Need more proof? Look at the ease with which Roberts dismissed evidence that striking down aggregate limits would result in money-laundering operations to sidestep what remains of campaign finance law. In the wake of McCutcheon, the money-laundering schemes that Roberts rejected as “divorced from reality” are, in fact, becoming reality.
Lawyers for both parties have begun developing “super committees,” where various federal party committees—like the Republican National Committee, the National Republican Senatorial Committee, the National Republican Congressional Committee, and state party committees—work jointly on fundraising.
Individually, a federal party committee can accept no more than $32,400 from a single donor, and a state party $10,000; yet by working jointly, the committees can accept a single check equivalent to their combined maximum, which can amount to millions of dollars.
The funds can then be shuffled around to the most hotly contested races in the country, allowing a single donor to bypass the contribution limits and give more to a single candidate than they would have otherwise.
This outcome is entirely predictable. In fact, it is not even unprecedented.

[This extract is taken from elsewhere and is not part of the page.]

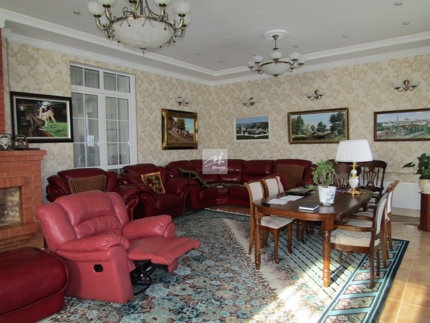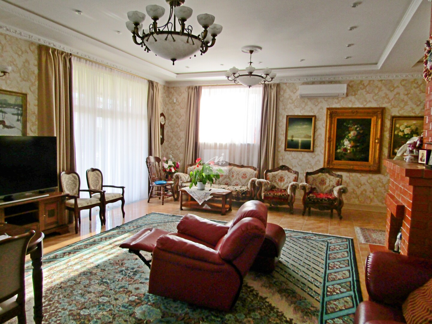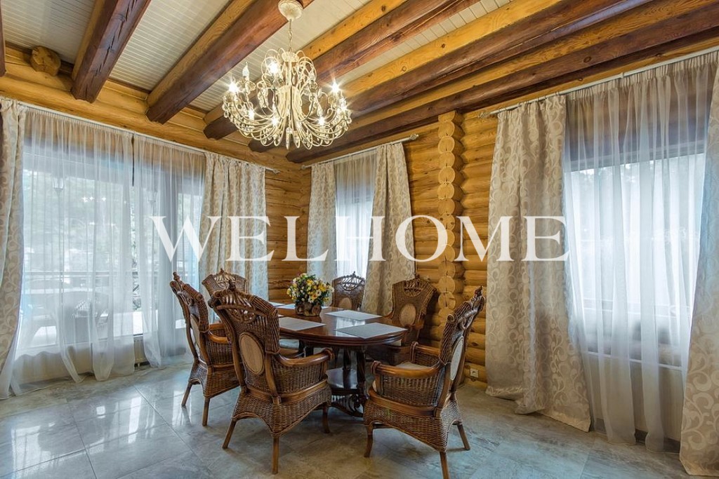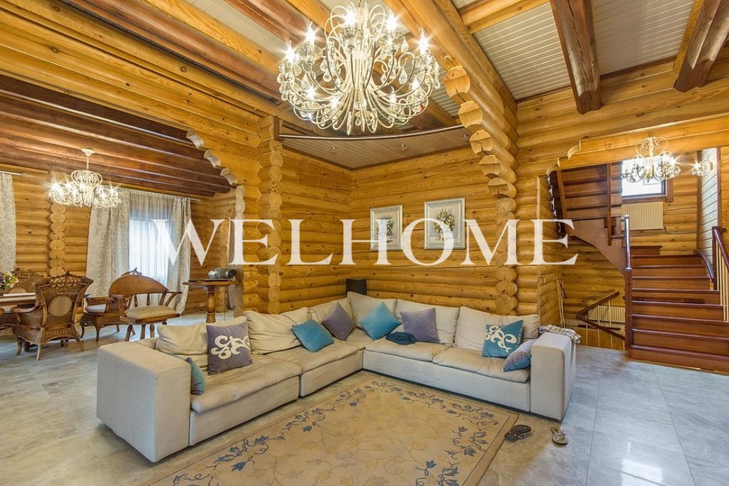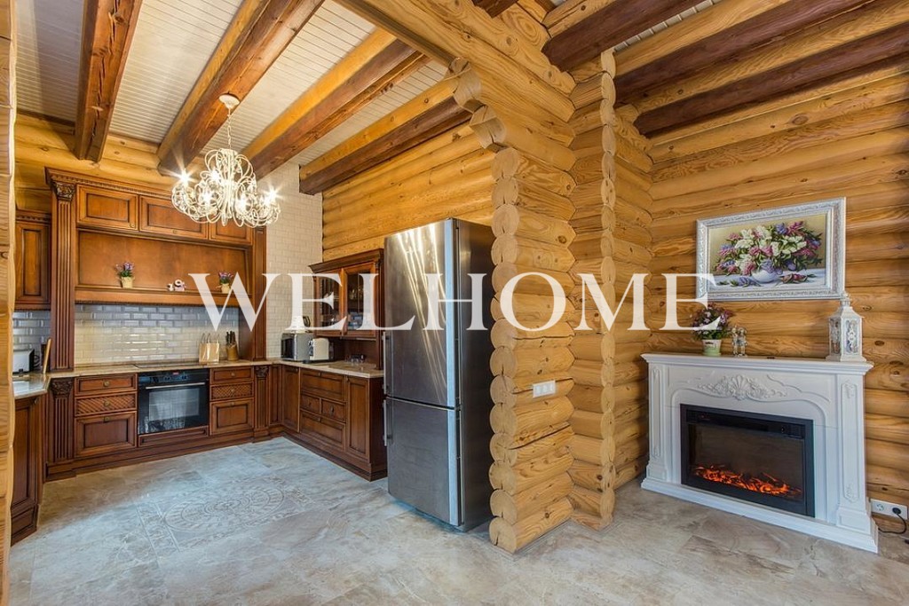 Кухня с современным классическим гарнитуром из массива, большая и светлая гостиная с натуральным дровяным камином, санузлы с качественной сантехникой.

Although Roberts dismissed a hypothetical scenario where a donor might donate to 100 different PACs that could indirectly shuffle more money to candidates than a donor could give in his or her own name—”this 100-PAC scenario is highly implausible,” Roberts wrote—multimillionaire Rex Sinquefield had already done exactly that years earlier in Missouri, when the state had contribution caps but no aggregate limits. (See the cover story on Sinquefield in the May issue of The Progressive.)
McCutcheon also means that aggregate limits will fall on the state level. Depending on how the decision is interpreted, at least eight states and as many as twenty will no longer be permitted to enforce laws that limit the total amount of money an individual can pump into state elections.

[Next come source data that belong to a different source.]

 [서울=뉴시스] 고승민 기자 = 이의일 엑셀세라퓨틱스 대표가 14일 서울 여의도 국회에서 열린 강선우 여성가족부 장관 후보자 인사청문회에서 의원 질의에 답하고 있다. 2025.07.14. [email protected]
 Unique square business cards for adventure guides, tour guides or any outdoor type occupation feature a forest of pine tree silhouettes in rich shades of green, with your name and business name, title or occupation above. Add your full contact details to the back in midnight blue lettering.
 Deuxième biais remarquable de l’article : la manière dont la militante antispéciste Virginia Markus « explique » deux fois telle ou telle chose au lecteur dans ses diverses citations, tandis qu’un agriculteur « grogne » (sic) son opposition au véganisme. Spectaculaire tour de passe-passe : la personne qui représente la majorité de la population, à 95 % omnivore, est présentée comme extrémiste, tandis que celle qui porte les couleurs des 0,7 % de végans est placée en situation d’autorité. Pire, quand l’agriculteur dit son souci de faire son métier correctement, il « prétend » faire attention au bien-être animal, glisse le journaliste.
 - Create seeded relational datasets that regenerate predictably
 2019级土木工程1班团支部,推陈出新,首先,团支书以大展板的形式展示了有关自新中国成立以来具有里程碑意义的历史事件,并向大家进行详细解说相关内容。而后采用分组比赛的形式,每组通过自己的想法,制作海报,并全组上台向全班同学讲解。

Massachusetts and Maryland have already announced plans to stop enforcing their aggregate limits. Connecticut, Maine, New York, Rhode Island, Wyoming, and the District of Columbia are also likely to lose their aggregate caps.
In Wisconsin, a challenge to the state’s $10,000 aggregate limit filed last year by Racine businessman Fred Young—a close compatriot of the billionaire Koch brothers who sits on the board of the Cato Institute and regularly attends Koch donor summits—is expected to succeed.

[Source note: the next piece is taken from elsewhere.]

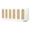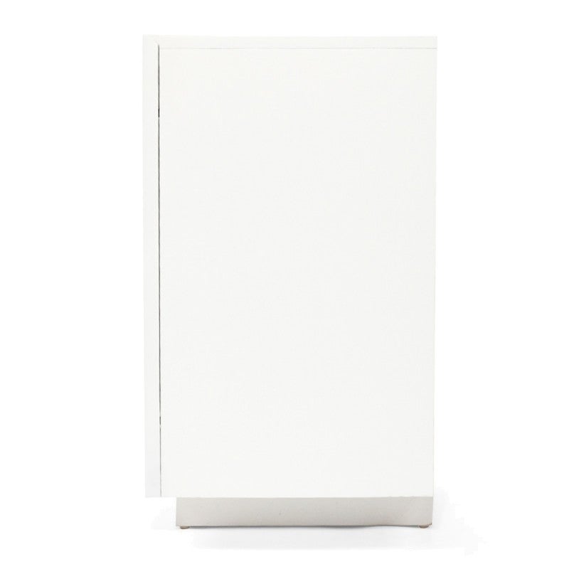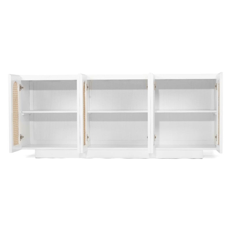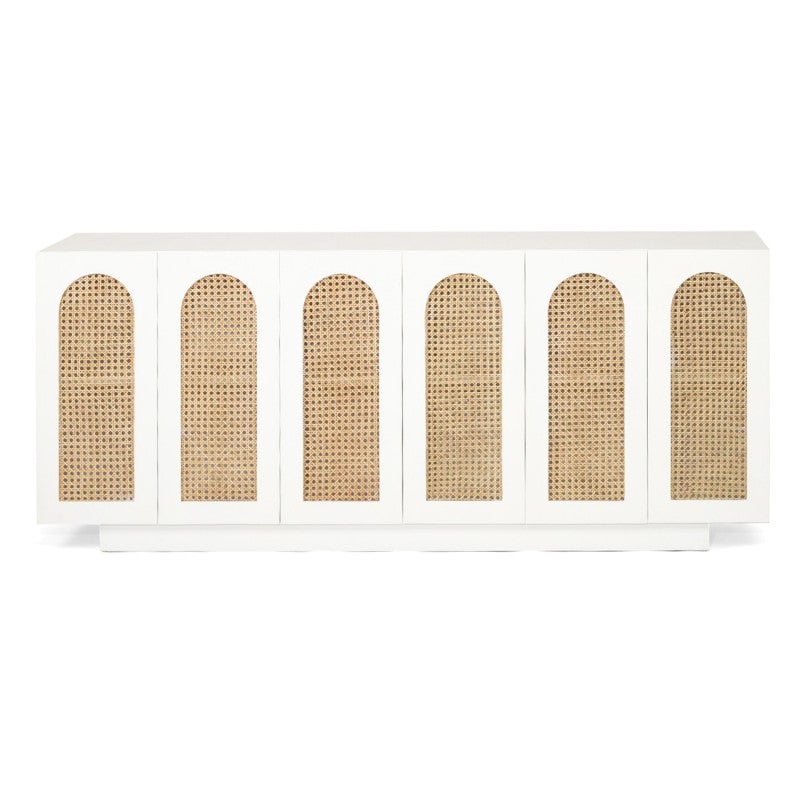 The Aurrum Sideboard is constructed from Mahogany wood and has a smooth white finish. It has 6 opening doors. Disclaimer: Due to varying moisture levels and temperatures regions across Australia, natural splitting, cracking (checking) and loss of natural oils may occur and form part of the characteristics and beauty of Abide Interiors solid wood products. These do not compromise the items performance or integrity in any way and are not viewed as imperfections or faults but rather part of timber's natural life and beauty. Care Instructions: Wipe clean with a soft, damp cloth. Avoid the use of cleaners and abrasives, as these will damage the material. - Brand

“What it will surely mean is a lot more out-of-state big contributions as millionaires in other states will be able to give much more in the aggregate,” says Jay Heck of Common Cause Wisconsin.
In his dissent, Justice Breyer warned that a political system dominated by moneyed interests will “lead the public to believe that its efforts to communicate with its representatives or to help sway public opinion have little purpose. And a cynical public can lose interest in political participation altogether.”
Breyer is right. But thankfully, we aren’t there yet.
In the days after McCutcheon was announced, a coalition of groups, including Public Citizen, Common Cause, People for the American Way, and others mobilized thousands of people across the country to protest the ruling and call for a constitutional amendment to restore limits on money in politics (which even former Supreme Court Justice John Paul Stevens now supports). By most accounts, there were about 150 demonstrations in forty-one states.
“The rallies were a way for us to say, this is not going to be a sad day in history but a day of hope and a call for change,” says Jonah Minkoff-Zern, the co-director of Public Citizen’s Democracy Is for People campaign.
The drastic disintegration of campaign finance limits began with a one-judge majority on the Supreme Court. But it could end with a constitutional amendment.